Dr. Piatt says one of the greatest challenges for children and teens with HIV is sticking to the strict, demanding medication regime. "These kids don't really think of themselves as HIV positive, they just want to go to the dance next week," she says. "We grownups are all freaking out and thinking, 'You need to take your meds and stay well,' and they're thinking, 'I need a new shirt for the dance next week, or what nail polish am I going to wear?'"

Piatt adds that Jackie's anti-AIDS medications only worked well for a time, and that newer drugs produced side effects Jackie couldn't tolerate.

Jackie's Quinceañera

As Jackie's health eroded, she asked her family if she should turn 15 a few months early.
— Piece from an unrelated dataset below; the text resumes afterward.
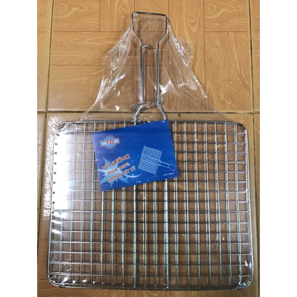 Vĩ nướng inox hai mặt kẹp đồ nước ở giữa xoay nướng hai mặt tiện dụngChất liệu: thép không ghỉ inox 304

She didn't expect to live that long. In Puerto Rico, Cuba, Mexico, and other Latin American countries, a girl's entrance into womanhood and her eligibility for marriage is celebrated at her quinceañera, typically her 15th birthday. Jackie had gone blind from what doctors believed was an AIDS-related illness, and was already staying at a Phoenix hospice. With donations from well-wishers, her family arranged a quinceañera, complete with the traditional wedding-style dress for Jackie, balloons, mariachi music, a sip of champagne; and a crowd of family, friends, doctors, and nurses.

Jackie's quinceañera photograph shows her standing in the frothy-white dress, a tiara on her head and a lilly in her hands. "That was her last wish," Elida says. "She wanted to wear makeup and put on heels, and to see what it felt like to wear makeup and to feel sexy."

Jackie died six weeks later. She was buried in her quinceañera dress.

While there is still no cure for HIV, the prognosis is no longer so dismal. Children with HIV infection,- those who are more resistant to the disease or have a different strain of the virus or stay vigilant about their medications, are living longer than many scientists and doctors ever expected possible. Some are now attending college. It's changed from a terminal disease to chronic, says Dr. Piatt, more like cystic fibrosis, a disease that ends in an early, but not immediate, death. "I think about their futures," she says.